Penso em acender a luz do quarto, mas logo desisto: o assaltante ficaria sabendo que estou acordado. Insisto em buscar o revólver na gaveta, levanto-me cuidadosamente para melhor procurá-lo, quando me vem à lembrança que o tirara dali. Sim, quando Paloma esteve aqui com Francisquinho, achei melhor pôr o revólver noutro lugar, fora do alcance do menino... O problema é: onde?
Era urgente lembrar onde pusera a arma, porque o ladrão não iria ficar esperando no corredor até que a localizasse.
Admitindo-se que ele preferiu se dirigir ao escritório, que está sempre de porta aberta e, àquela hora, vazio, dediquei-me a tentar descobrir onde, pela lógica, teria escondido o maldito revólver.
- Terá sido no guarda-roupas? Mas, se foi ali, em qual das gavetas? Tem quatro gavetas externas e várias menores internas, onde guardo camisas, cuecas, meias... Na gaveta das cuecas não foi, porque essa eu abro todos os dias... E me vem então um pensamento aterrador: vai ver pus na estante menor do escritório. Se foi, estou perdido; o assaltante vai ter dois revólveres e eu, nenhum! É azar demais! Começo a me arrepender de ter comprado a arma.

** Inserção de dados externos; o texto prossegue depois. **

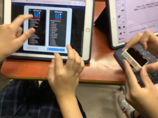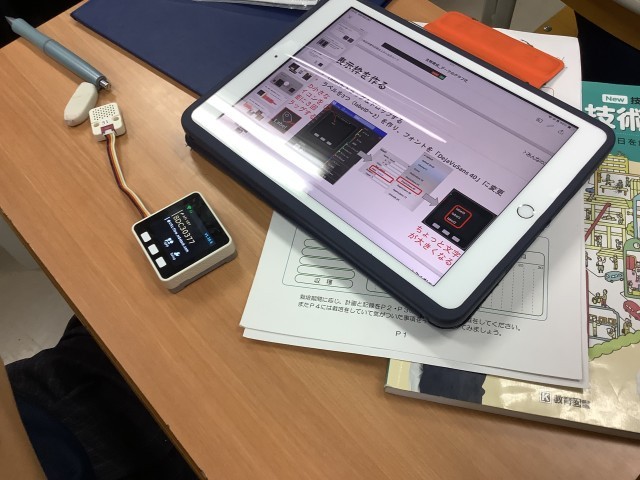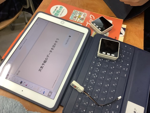 2年の技術科の授業では、計測制御の装置を使用して、データをグラフ化しています。
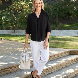 Frank & Eileen Barry Cotton Voile Button Up Black XXS
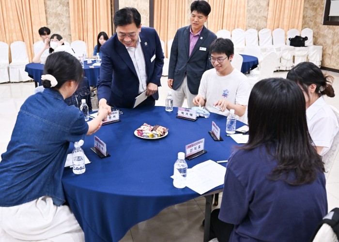 [뉴스서치] 전진선 양평군수가 8월 첫 날, 평생학습센터 4층 온누리실에서 대학생 아르바이트 참여자 34명과 소통 간담회를 가졌다.
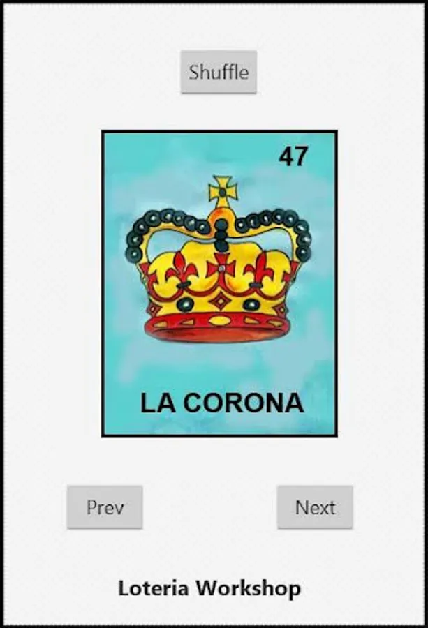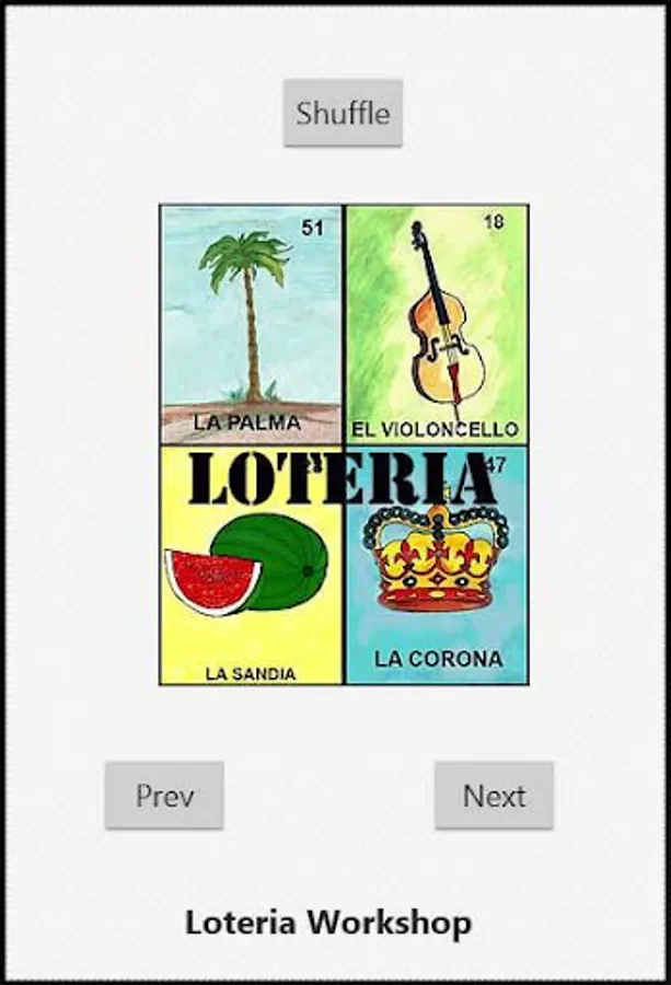 Easy to use just like a real paper card deck, it contains the 54 images included with Loteria Workshop.
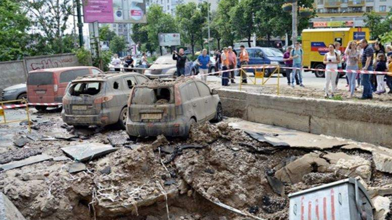 Опубликовано видео прорыва трубы на улице в Киеве
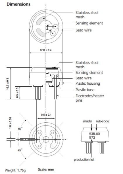 氣體感應(yīng)半導(dǎo)體材料緊貼在鋁基片上,金電極打印在基片上。氧化釕的薄加熱器打印在基片的背面,并且放在塑料封裝中(Fig1)。
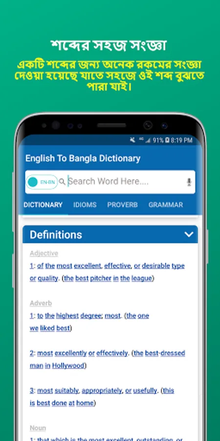 This English to bengali dictionary are lots of definitions for English word so that you can easily understand what the word meaning is.
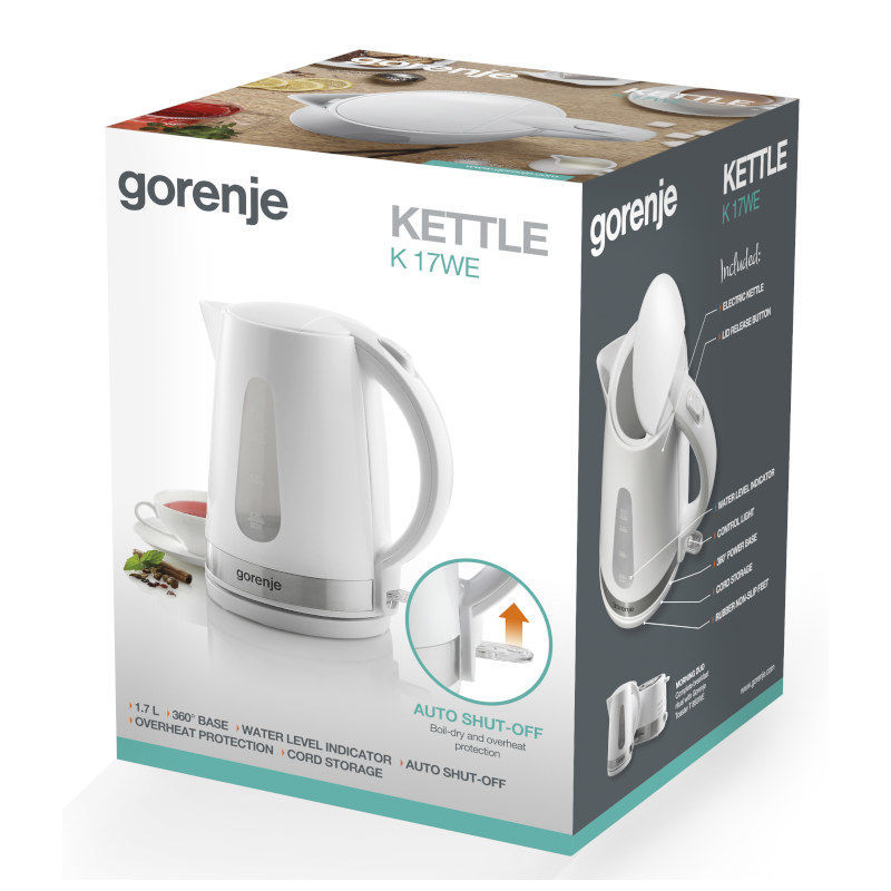 Gorenje kuhalo vode, zapremina spremnika: 1.7 l, boja: bijela. Priključna snaga: 2200 W. Indikator razine vode za dobar pregled. Automatsko isključivanje kod točke vrenja. Zaštita od isušivanja i pregrijavanja za sigurnu uporabu i dulji životni vijek aparata.
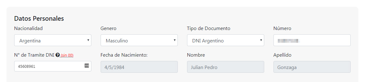 Completar la nacionalidad, género, tipo y número de documento. Al momento de completar el número de trámite de DNI, asegurarse de tener el último ejemplar en la mano y escribir los números que aparecen sin los ceros.
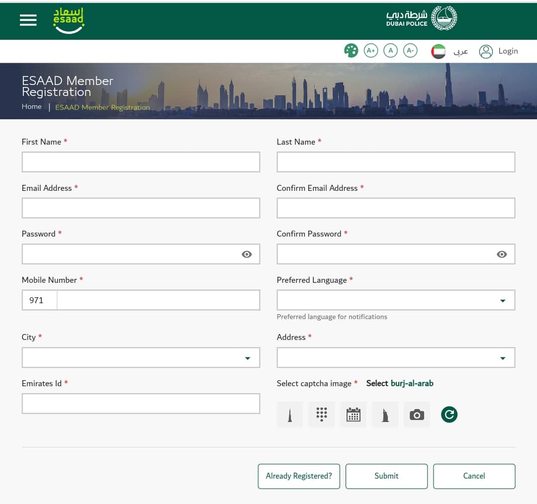 Dubai Police provides a registration portal for those eligible for Esaad electronic Card at the following link esaad.dubaipolice.gov.ae, where the user can enter the link and register on the site in easy steps.
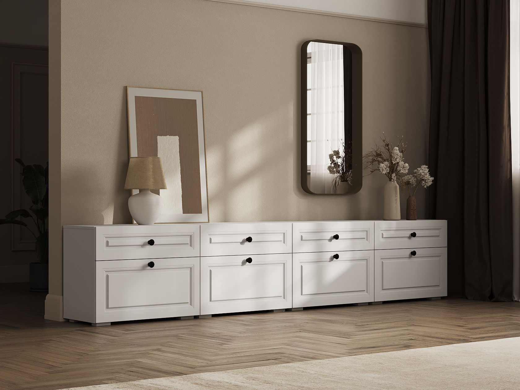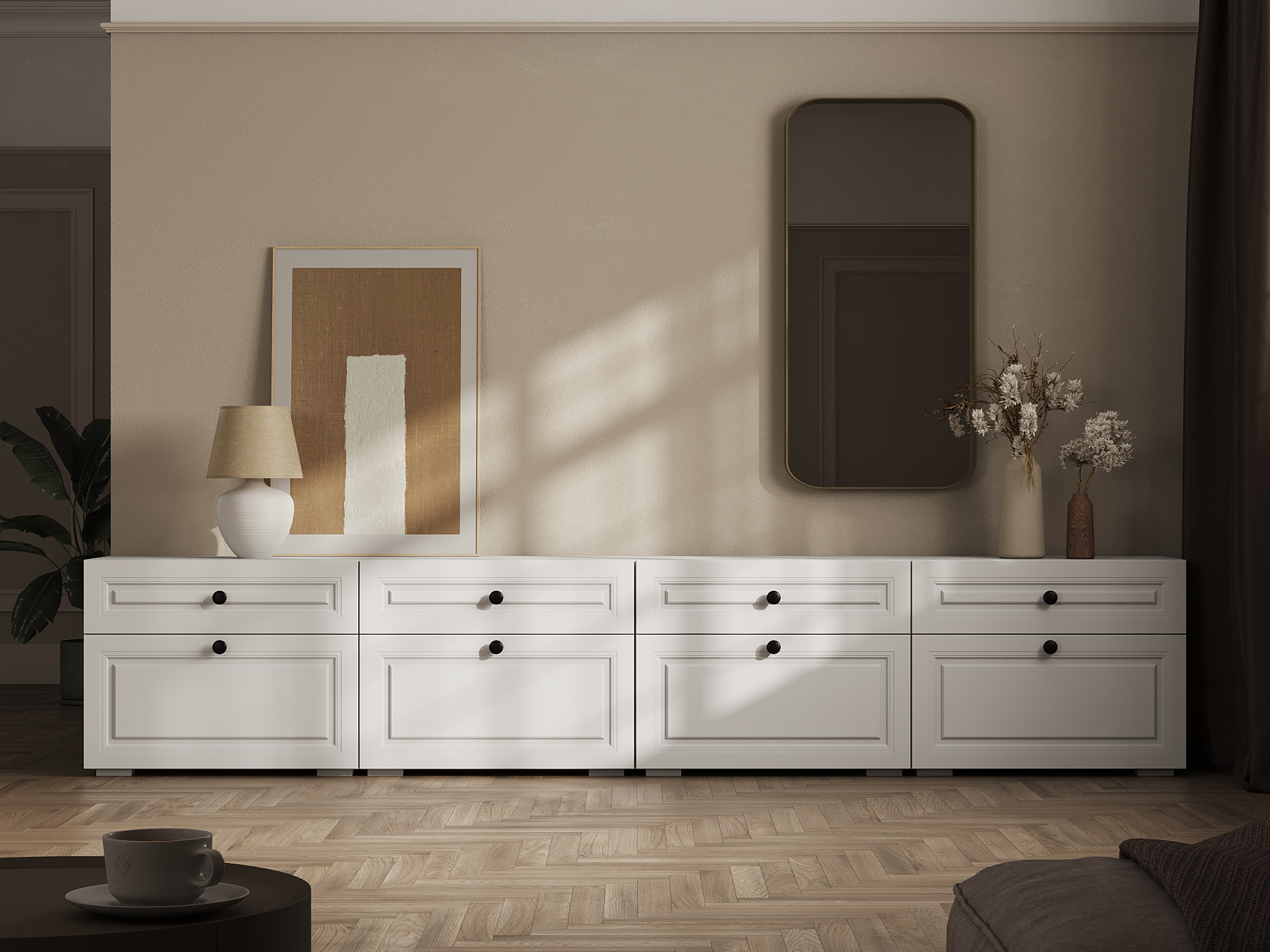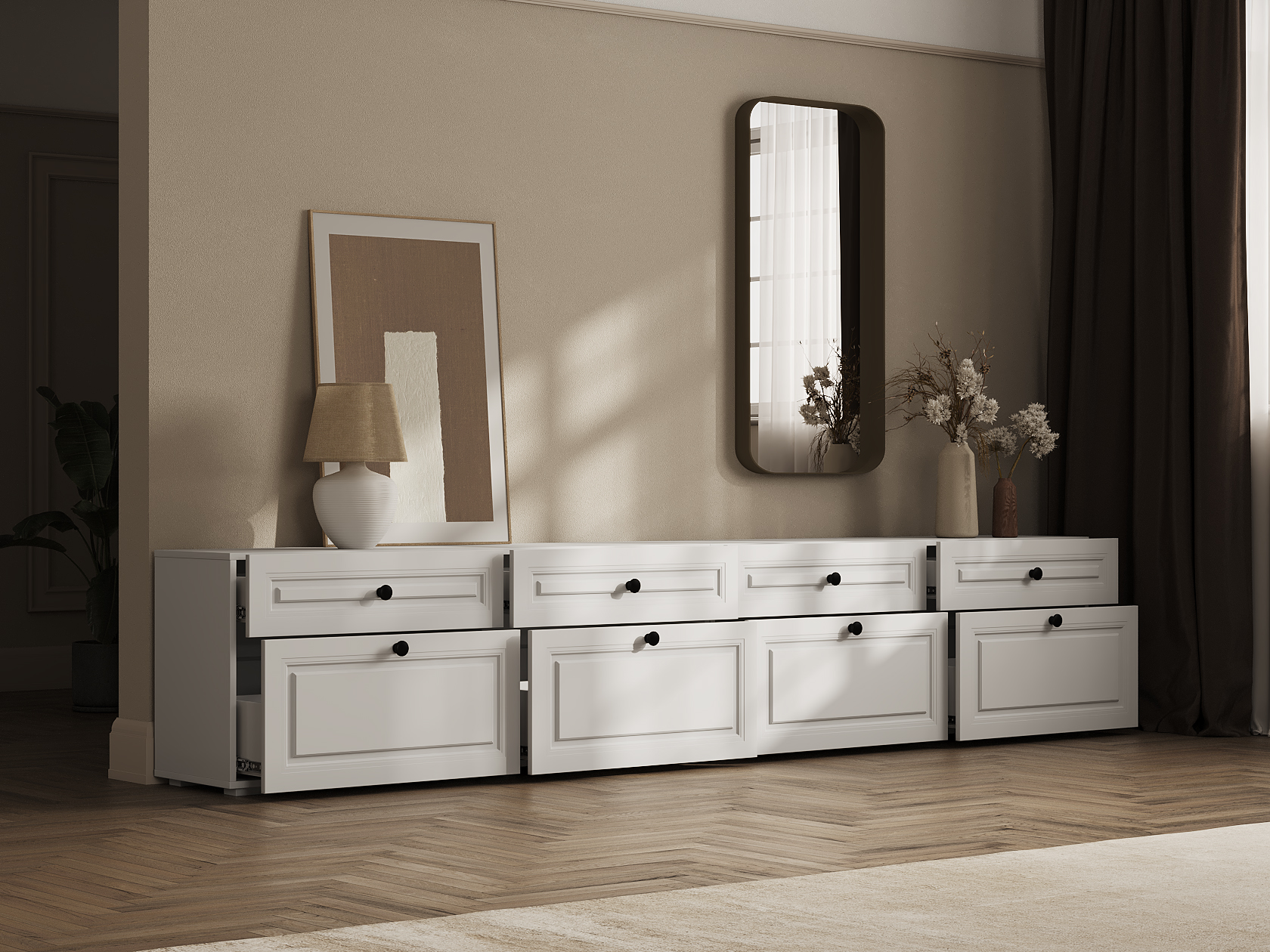 Набор ТВ-тумб Северина Дуэт — практичное и современное решение для большой комнаты. Пара элегантных моделей с выдвижными ящиками поможет обустроить уголок для семейного просмотра фильмов. На поверхности поместятся плоский телевизор с большой диагональю и вся сопутствующая мультимедиа-аппаратура. Строгий дизайн мебели в виде рамочных фасадов и ручек-кнопок легко адаптировать под разные интерьерные стили.

Mas aí uma luz acende no meu cérebro e me faz lembrar do lugar exato onde guardara a arma: sim, na única gaveta da cômoda que tem fechadura! Foi lá, tenho certeza. Mas e a chave da gaveta? Onde será que pus a chave da gaveta da cômoda?!
Vamos admitir, por mais implausível que seja, que me lembrei de onde pusera a chave. Vou lá, pego-a, abro a gaveta e o revólver está efetivamente lá. Seguro-o, nervoso, saio andando na direção do bandido, que, supõe-se, está no escritório buscando o que roubar. Da porta, vejo-o agachado, mexendo na gaveta da escrivaninha. Ao clarão da luz da rua que entra pela janela, percebo que se trata de um garoto de uns 16 anos e que está armado. Aponto o revólver, mas não consigo atirar: é um menino. Fico com a arma apontada e grito-lhe:
- Largue a arma. Está preso!
Ele se rola no chão e, deitado, dispara um tiro certeiro em meu peito e me mata!
Antes de soltar o último suspiro, ainda penso:
- A polícia é que deve cuidar da segurança dos cidadãos. Afinal de contas, para que se paga imposto?